Fathers and Sons
Until he came to Thailand, the best friend Max ever had was his son Brian, when Brian was about eight years old and they were in Cub Scouts.
Max had his children late in life. The style of hiking and camping that the Cubs did was just challenging enough for the little boy, while just easy enough for the middle-aged man. After a hike and a rehydrated dinner Max and Brian would lie in the tent side by side, or under the stars if the weather was fine, tell each other stupid knock-knock jokes and see who could fart the loudest. At that age Brian just assumed his Dad had all the answers, and Max was constantly amazed by how bright his son was. They adored each other.

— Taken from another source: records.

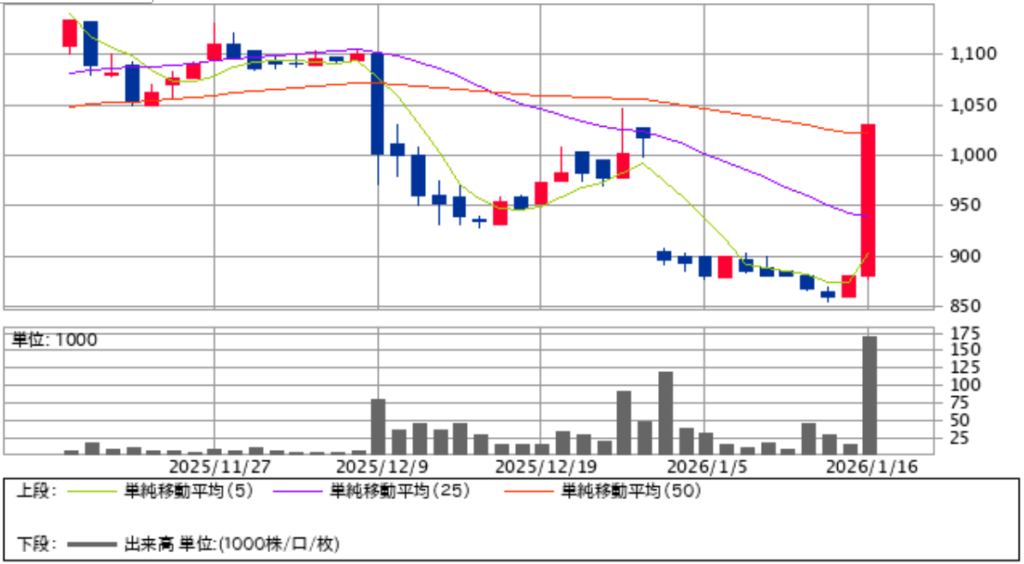 が、今回の優待拡充で一気に急騰。そのまま塩漬けにしていた方は助かりそうですね。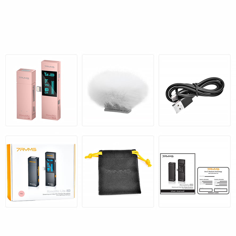 7Ryms RimoMic Lite Microport – це зручний бездротовий мікрофон із роз’ємом Lightning, призначений для смартфонів і планшетів Apple, наприклад iPhone iiPad. Набір складається з передавача з мікрофоном і вбудованим акумулятором, а також приймача, підключеного безпосередньо до звукозаписувального пристрою та живлення від нього. Мікропорти спілкуються один з одним на максимальній відстані 30 м за допомогою радіохвиль UHF (надвисока частота). Можливість вибору одного з 48 каналів забезпечує плавну передачу звуку навіть у ситуаціях, коли на екрані є інші бездротові пристрої.
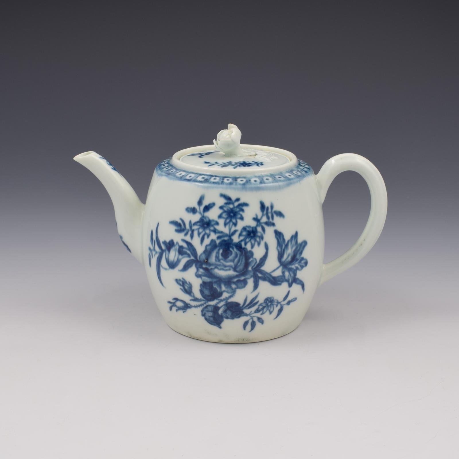 Worcester Porcelain Miniature Blue & White Barrel Teapot Rose Centred Spray c.1770 (1 of 18)
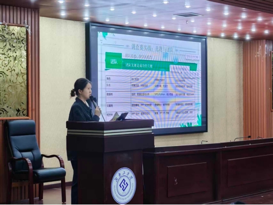 往届获奖优秀团队代表祝佳欣同学,结合团队曾获国家级三等奖的项目,从自身参赛心理路程,分享自己的备赛过程,打磨报告的经历。她强调:“比赛的目的不止于得奖,更在于过程中的成长。”
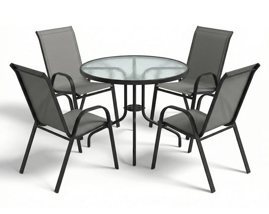 פינת אוכל שולחן "ניו יורק" 90 ס"מ שחור + 4 כסאות "ואלרי אפור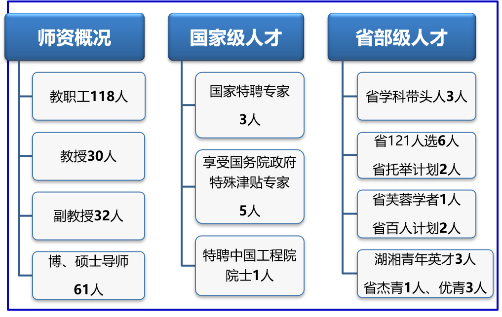 学院积极推动“人才强院”战略,现有教职工118人,其中教授31人,副教授32人,博士生导师、硕士生导师63人。拥有国家特聘专家2人、国家特聘青年专家1人,享受国务院政府特殊津贴专家5人,湖南省“121”人才5人,特聘中国工程院院士1人,湖南省百人计划教授2人,湖南省学科带头人4人,湖南省科技人才托举计划2人、湖湘青年英才3人、湖南省荷尖人才1人,湖南省杰青1人、优青3人。学院拥有“数字核能与智能设计”湖南省科技领军人才创新团队,“气载放射性计量、测量与防护”,“先进反应堆技术”两个湖南省自然科学基金研究创新群体,“放射性测量与防护技术”“先进反应堆技术”两个湖南省高校科技创新团队,“核科学与技术科研团队”荣获“全国工人先锋号”光荣称号。
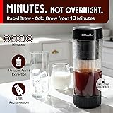 Mueller RapidBrew Cold Brew Iced Coffee Maker – 10 Min Fast Brew Portable Rechargeable Cold Brew Machine for Coffee & Tea – Adjustable Strength 10-99 Min – 20 Servings Per Charge, Black Coffee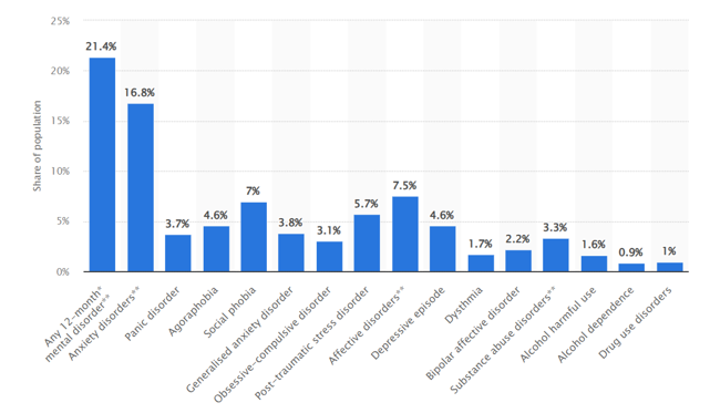 Anxiety disorders have been listed among the mental disorders mentioned in both DSM-V and ICD 10 models which people have been suffering in many forms (Hyland et al., 2016). Anxiety disorder among people has become quite prevalent in Australia considering the current turbulence and sudden changes in the environment and society. Mostly, anxiety disorders within people take place due to some traumatic events and life experiences. According to Bjornsson et al., (2020), traumatic child life experiences can result in anxiety disorders within people in later stages of their lives. In Australia, it can be noticed that a large section of the population (16.8%) is suffering from anxiety disorder which stands at the second position just after the overall population with mental disorders (21.4%) (Statista, 2024) [refer to figure 1]. The numbers are quite serious and a matter of concern for sure which needs to be addressed in the best possible ways for ensuring a better quality of life for the people.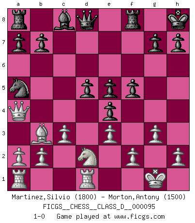 Last move : 1-0 2008 October 1 22:37:48 [Event "FICGS__CHESS__CLASS_D__000095"] [Site "FICGS"] [Date "2008.07.22"] [Round "1"] [White "Martinez,Silvio"] [Black "Morton,Antony"] [Result "1-0"] [WhiteElo "1800"] [BlackElo "1500"] 1.d4 Nf6 2.Nc3 d5 3.Nf3 e6 4.Bf4 Bb4 5.Bd2 O-O 6.e3 Ne4 7.Nxe4 Bxd2+ 8.Nfxd2 dxe4 9.g3 f5 10.Bc4 Nc6 11.O-O Kh8 12.c3 e5 13.d5 Na5 14.Qa4 c6 15.Rfd1 cxd5 16.Bb3 1-0 Queen's pawn game Kingside Castling by player Black (move 5) Kingside Castling by player White (move 11) Player White won this chess game. Follow this game move after move (download)When the Chess game is over, the Pawn and the King go back to the same box. (Irish saying) Frage: Gibt es etwas was Sie mehr lieben als Autobahnen ohne Tempobegrenzungen? - Antwort: Deutsche Frauen ohne Tempobegrenzungen. (Loek van Wely) Bobby Fischer es el mas grande genio de Ajedrez de todos los tiempos. (Alexander Kotov) Soyez une menace à chaque fois que vous vous asseyez pour jouer. (Ken Smith) Memory... is the diary that we all carry with us. (Oscar Wilde, The Importance of Being Earnest)

A man’s relationship with his daughter never changes: from the moment of her birth until the moment of his death Max’s daughter would be Pookie-Bear and he would be Daddy. He would cut off his right arm if she asked him to and she knew he was her slave long before she could walk or speak.
But a man’s relationship with his son changes as they both age. By the time Max was sixty and his son nineteen Brian could not hide his frustration with his father’s inability to master any function on his phone beyond making a phone call. Max could not hide his disappointment that his brilliant son lived in a basement and divided his days between selling pot and playing ultra-violent video games.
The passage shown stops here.